Снова тьма и снова подвал. На ходу приходилось придерживать стены. С трудом Гортов правил свое тело, как телегу со сломанным колесом. Что-то неподконтрольно текло из носа. Для скорости Порошин шлепал его ладонью под зад. Порошин стал очень игривым.
Открылась дверь, и начался нежный и тусклый свет, и Гортов увидел женщин – не стало прохода от них, в пестрых полосках трусиков. У многих из поп торчали пышные перья. Перья были и на голове. С лиц падали блестки.
«Русь» села на волосатый диван и толком еще не устроилась, как ее затопило женщинами – Гортов почувствовал сразу несколько рук, слепо блуждавших по телу. Хищные ногти и зубы впивались во мрак, свет отражался в мебели. От женщин не пахло женщинами. Как будто со всех сторон его сжал мармелад, тугой и несладкий.

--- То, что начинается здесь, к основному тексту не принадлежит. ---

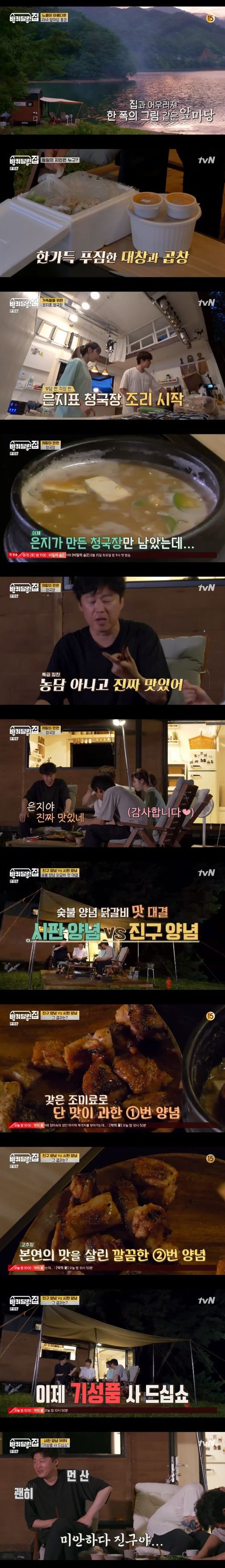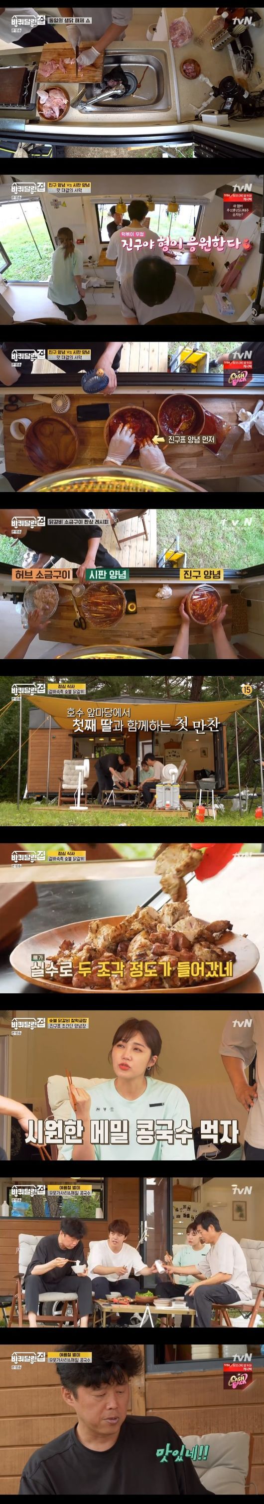 닭을 재운 후 성동일은 숯불에 먼저 소금 닭갈비를 올렸고 닭갈비가 완성되자 맛을 본김희원은 "형, 닭 가슴살이 이렇게 맛있네. 향이 그윽하다"라며 감탄했고 정은지도 "너무 맛있다"며 행복해했다. 이어 여진구와 정은지는 우뭇가사리&메밀 콩국수를 만들었다. 맛을 본 네 사람은 극강의 고소함에 "기가막히다. 아"라며 감탄했다.
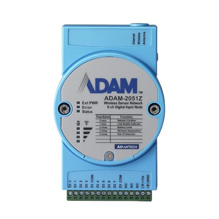 ADAM-2051Z-AE Module ADAM ZigBee, 8 channels Digital Input Node Standard IEEE 802.15.4 sans fil Basse énergie Alimentation par 2 piles AA alcalines Portée juqu'à 110 m en extérieur Résistance d'entrée de 10Kohm
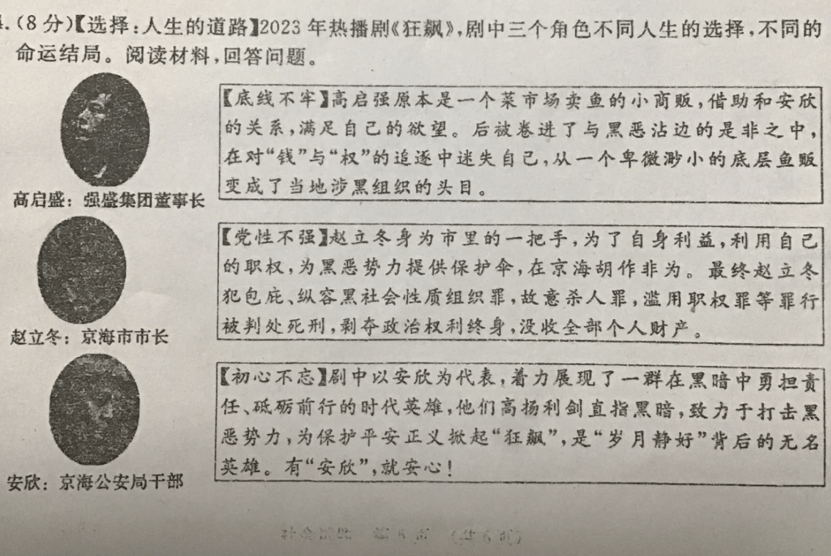 高中生虽然学习任务繁重,但也有自己休息的时光,《狂飙》大火,高中生也利用闲暇时间补了这部剧,大家看完也就回归到学业上,顶多课下和同学用剧中的梗调侃一下,没想到还能在试卷上又与它来了个重逢。
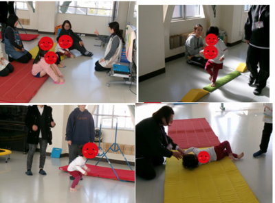 さて、午後は運動遊び。広いお部屋に平均台や、マットが並べられています。「サーキット」っていうんだって。
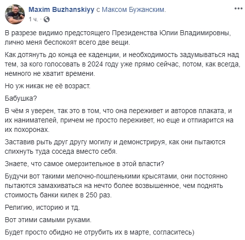 Знаете, что самое омерзительное в этой власти? Будучи вот такими мелочно-пошленькими крысятами, они постоянно пытаются замахиваться на нечто более возвышенное, чем поднять стоимость банки килек в 250 раз. Религию, историю и тд. Вот этими самыми руками. Будет просто обидно не отрубить их в марте, согласитесь".
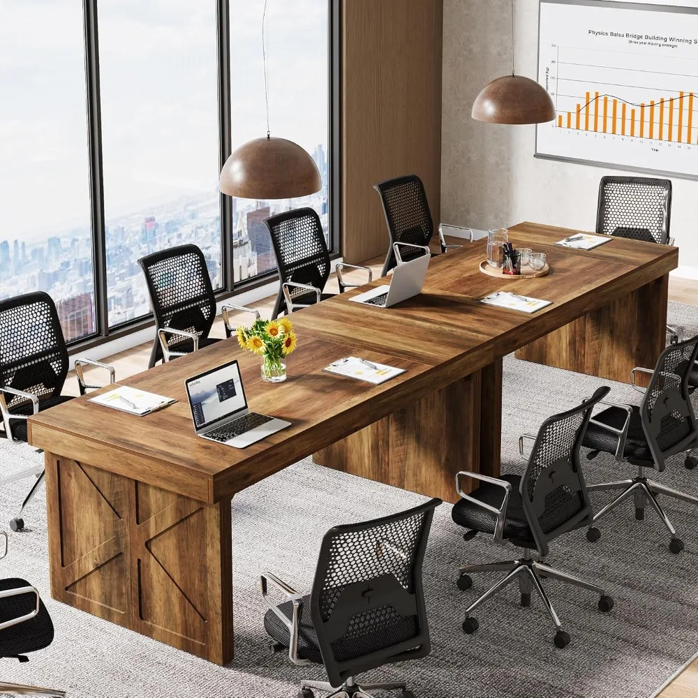 This meeting table is designed to maximize productivity with its generous dimensions of 62.99 inches in length, 31.49 inches in width, and 29.52 inches in height. It provides ample space for team collaboration or individual work, ensuring comfortable interaction and effective productivity. The conference table combines office elegance with performance, featuring a thoughtfully crafted design that facilitates ease of use, allowing participants to concentrate on discussions without any distractions. Its practical design enhances office efficiency by promoting seamless collaboration and productive conversations, with a spacious surface that can accommodate multiple users, fostering interaction and brainstorming. The 6-foot rectangular conference table is a versatile addition to any modern office, blending functionality with style, and catering to various office activities, including work, meetings, and social events. Purchase with confidence, as the package includes all necessary installation hardware tools and instructions for effortless assembly. Professional customer service is also provided for any inquiries or assistance you may need.

– Чего же ты хочешь? – спрашивал у Борткова Порошин.
– Блондинку с большими сиськами, – застенчиво, но все же уверенно отвечал Бортков.
– Принесите ему блондинку с большими сиськами! – кричал Порошин, швыряясь в женскую массу деньгами.
Крупная негритянка уселась к Гортову на колени и потерлась большой резиновой грудью. К горлу его подступила рвота.
– Пожалуйста, можно уйти? – спросил он у негритянки, суя в нее деньги. Негритянка чуть растерялась, привстала, Гортов бросился прочь, но у дверей был настигнут внезапно проворным Порошиным.
– Не сметь! – Порошин крепко держал его за воротник. Хоть сам Порошин, казалось, оплывший ком, но пальцы у него оказались железные. При этом лицо его стало совершенно дикое, гопническое, и он холодным тоном сказал: «Уходим все вместе. Такое правило».
Гортов забился в углу, в коридорчике. Слезы встали у глаз. Было пронзительно жаль себя, и Гортов почувствовал среди обилья водки и тел нестерпимую несвободу. Захотелось плакать, так внезапно и остро, что Гортов не смог удержать себя: и вот он уже тихо завыл в углу, растирая слезы. Не плакал, наверное, с детства, а тут – надо же. И в таком странном для слез месте…
Порошин вел семь разноцветных и громких дам, Спицин вел одну ломкую юную барышню, Бортков вел бабу полную и пожилую.
Бричка билась о щебень, болтая напитки внутри. Гортов затаился на заднем сиденье, ощущая себя камнем на дне холодной речки. Чьи-то губы и руки ласкали его, незанятые. Бортков увлеченно копался в складках своей женщины, Спицин тискал, ломал в руках хрупкость свою. Порошин приставал к ямщику с разговорами.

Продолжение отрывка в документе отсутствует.